A closer look at the new solution with the help of Rob Knoth, Product Management Group Director in the Digital & Signoff Group at Cadence

With its recently announced “Joules RTL Design Studio”, Cadence is offering “a new solution that provides users with actionable intelligence to accelerate the register transfer level (RTL) design and implementation process.” According to Cadence, front-end designers can now access digital design analysis and debugging capabilities from a single, unified cockpit, enabling fully optimized RTL design prior to implementation handoff. For years, Cadence maintains, front-end designers have lacked visibility of RTL metrics on power, performance, area, and congestion (PPAC). Now, with the Joules RTL Design Studio, exploration and prototyping are possible prior to committing the design to the place and route phase.

Front-end designers can locate problems in the design layout, trace them to the source code, and automatically give actionable guidance to improve RTL for better PPAC. Simultaneously, implementation engineers benefit from this early debugging because they can now allocate resources to fix issues that cannot be fixed at the RTL level. According to Cadence, an important factor for the success of front-end designers is to have their analysis results delivered quickly without compromising accuracy and vice-versa. To achieve this, Joules RTL Design Studio can customize the runtime versus accuracy tradeoff depending on the end goal of the design.
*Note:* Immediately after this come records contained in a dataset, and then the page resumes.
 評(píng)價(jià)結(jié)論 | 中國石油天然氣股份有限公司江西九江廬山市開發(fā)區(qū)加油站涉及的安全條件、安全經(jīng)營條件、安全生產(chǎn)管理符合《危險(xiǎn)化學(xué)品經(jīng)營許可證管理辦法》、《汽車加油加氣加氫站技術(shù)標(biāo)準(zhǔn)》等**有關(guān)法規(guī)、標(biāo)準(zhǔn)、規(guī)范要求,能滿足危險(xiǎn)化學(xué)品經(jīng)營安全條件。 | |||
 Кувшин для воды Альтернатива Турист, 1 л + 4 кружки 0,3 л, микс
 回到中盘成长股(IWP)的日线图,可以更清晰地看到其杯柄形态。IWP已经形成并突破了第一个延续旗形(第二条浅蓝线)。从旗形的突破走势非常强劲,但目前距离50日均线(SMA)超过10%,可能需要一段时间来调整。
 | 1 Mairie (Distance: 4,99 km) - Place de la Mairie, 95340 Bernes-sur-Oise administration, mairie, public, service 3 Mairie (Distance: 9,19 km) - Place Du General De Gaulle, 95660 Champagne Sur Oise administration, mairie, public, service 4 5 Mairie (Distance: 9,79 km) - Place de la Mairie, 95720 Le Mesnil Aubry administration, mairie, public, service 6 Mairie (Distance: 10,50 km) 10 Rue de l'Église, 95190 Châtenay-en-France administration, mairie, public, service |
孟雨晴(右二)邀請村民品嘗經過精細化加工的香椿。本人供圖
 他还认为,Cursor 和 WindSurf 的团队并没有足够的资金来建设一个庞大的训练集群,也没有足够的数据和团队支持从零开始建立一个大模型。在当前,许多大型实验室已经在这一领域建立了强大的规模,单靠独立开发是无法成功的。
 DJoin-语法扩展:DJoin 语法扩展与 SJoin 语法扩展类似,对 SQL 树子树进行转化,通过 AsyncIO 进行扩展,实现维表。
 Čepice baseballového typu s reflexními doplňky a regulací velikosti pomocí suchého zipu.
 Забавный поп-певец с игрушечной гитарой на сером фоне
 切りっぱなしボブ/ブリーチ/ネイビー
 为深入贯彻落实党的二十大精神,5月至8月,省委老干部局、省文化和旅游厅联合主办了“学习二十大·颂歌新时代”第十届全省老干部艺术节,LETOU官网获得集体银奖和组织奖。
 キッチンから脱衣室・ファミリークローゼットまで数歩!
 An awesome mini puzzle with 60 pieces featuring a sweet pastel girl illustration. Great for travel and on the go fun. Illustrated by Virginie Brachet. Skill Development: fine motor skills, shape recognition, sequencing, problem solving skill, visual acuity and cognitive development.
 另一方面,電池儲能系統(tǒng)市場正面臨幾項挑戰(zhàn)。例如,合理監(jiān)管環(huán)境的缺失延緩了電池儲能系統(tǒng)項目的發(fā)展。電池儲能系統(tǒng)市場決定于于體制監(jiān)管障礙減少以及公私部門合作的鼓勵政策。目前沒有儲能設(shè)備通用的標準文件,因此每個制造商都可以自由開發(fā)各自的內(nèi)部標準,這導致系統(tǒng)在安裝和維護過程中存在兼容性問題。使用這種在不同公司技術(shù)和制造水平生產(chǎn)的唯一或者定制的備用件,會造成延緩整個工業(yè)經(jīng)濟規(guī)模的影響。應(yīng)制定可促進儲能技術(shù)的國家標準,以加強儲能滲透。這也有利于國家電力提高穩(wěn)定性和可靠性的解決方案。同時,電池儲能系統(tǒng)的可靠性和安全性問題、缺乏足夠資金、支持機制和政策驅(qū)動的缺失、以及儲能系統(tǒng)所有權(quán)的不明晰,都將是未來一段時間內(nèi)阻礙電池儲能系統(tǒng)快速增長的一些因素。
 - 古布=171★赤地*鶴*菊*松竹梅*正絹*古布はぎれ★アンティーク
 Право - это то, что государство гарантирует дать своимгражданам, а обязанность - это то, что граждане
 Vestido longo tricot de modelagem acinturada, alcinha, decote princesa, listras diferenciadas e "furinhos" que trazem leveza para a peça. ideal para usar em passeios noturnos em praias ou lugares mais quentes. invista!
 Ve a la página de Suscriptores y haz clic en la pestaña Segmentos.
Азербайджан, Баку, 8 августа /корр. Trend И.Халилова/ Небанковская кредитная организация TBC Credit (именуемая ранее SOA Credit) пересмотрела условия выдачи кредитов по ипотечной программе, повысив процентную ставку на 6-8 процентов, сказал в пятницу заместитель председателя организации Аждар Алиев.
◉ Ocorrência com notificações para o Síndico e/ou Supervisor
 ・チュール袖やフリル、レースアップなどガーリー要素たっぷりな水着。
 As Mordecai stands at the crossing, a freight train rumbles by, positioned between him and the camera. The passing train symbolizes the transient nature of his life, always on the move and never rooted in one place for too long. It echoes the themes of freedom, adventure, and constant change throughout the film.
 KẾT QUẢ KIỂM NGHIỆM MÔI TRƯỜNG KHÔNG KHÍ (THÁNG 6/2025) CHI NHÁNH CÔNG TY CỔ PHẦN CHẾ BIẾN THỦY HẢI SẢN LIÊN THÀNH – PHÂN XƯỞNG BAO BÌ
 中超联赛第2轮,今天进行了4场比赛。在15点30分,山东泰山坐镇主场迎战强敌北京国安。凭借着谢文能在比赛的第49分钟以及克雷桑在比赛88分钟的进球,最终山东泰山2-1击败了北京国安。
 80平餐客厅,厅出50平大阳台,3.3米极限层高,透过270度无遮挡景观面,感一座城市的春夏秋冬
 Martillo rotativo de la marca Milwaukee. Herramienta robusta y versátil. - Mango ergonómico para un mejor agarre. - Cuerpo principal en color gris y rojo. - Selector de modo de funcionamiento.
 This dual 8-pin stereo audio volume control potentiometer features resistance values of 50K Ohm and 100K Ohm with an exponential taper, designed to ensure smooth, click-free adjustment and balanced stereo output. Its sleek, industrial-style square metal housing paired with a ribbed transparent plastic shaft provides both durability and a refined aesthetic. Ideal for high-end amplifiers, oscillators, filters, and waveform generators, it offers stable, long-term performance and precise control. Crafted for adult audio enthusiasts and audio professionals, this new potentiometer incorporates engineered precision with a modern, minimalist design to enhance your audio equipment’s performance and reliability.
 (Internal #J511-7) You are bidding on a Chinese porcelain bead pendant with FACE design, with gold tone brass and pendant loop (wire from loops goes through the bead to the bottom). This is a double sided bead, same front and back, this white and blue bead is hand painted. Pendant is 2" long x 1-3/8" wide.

The key features of this new product have been described by Rob Knoth, Product Management Group Director in the Digital & Signoff Group at Cadence, in the video interview he recently gave to EDACafe’s Sanjay Gangal; building on that interview, in this article we will add some more details, based on the answers that Rob provided to some additional questions.

The EDA industry and the challenges of RTL optimization

Cadence’s initiative stemmed from the awareness that the EDA industry, in the past, has not addressed the challenges of RTL optimization at the best possible level.

“Our RTL designers in many ways have kind of been left out of a lot of the automation that the industry has had”, said Knoth. “In general, we focused a whole lot on the digital space in terms of the people who are doing the actual implementation, the synthesis, place & route, the signoff etc. But the whole process [of] helping RTL designers achieve fully optimized high-quality RTL that won’t have any surprises during physical design is really important to getting a high-quality product to market quickly. What are some of the challenges they have? A huge lack of predictability [to make sure] that when they handoff RTL to an implementation team that it’s not going to result in surprises on the backend: congestion, power problems, frequency problems etc. Enabling RTL designers with better predictability [for] a higher quality handoff is a huge challenge,” Knoth pointed out.

Painful iterations

Traditionally, this lack of predictability has caused lengthy iterations. As Cadence explains in the product datasheet, “In the past RTL designers were siloed from implementation engineers, creating a disconnect between the front end and implementation. This disconnect caused extra back-and-forth iterations between the two teams, prolonging the design cycle and significantly delaying time-to-market.”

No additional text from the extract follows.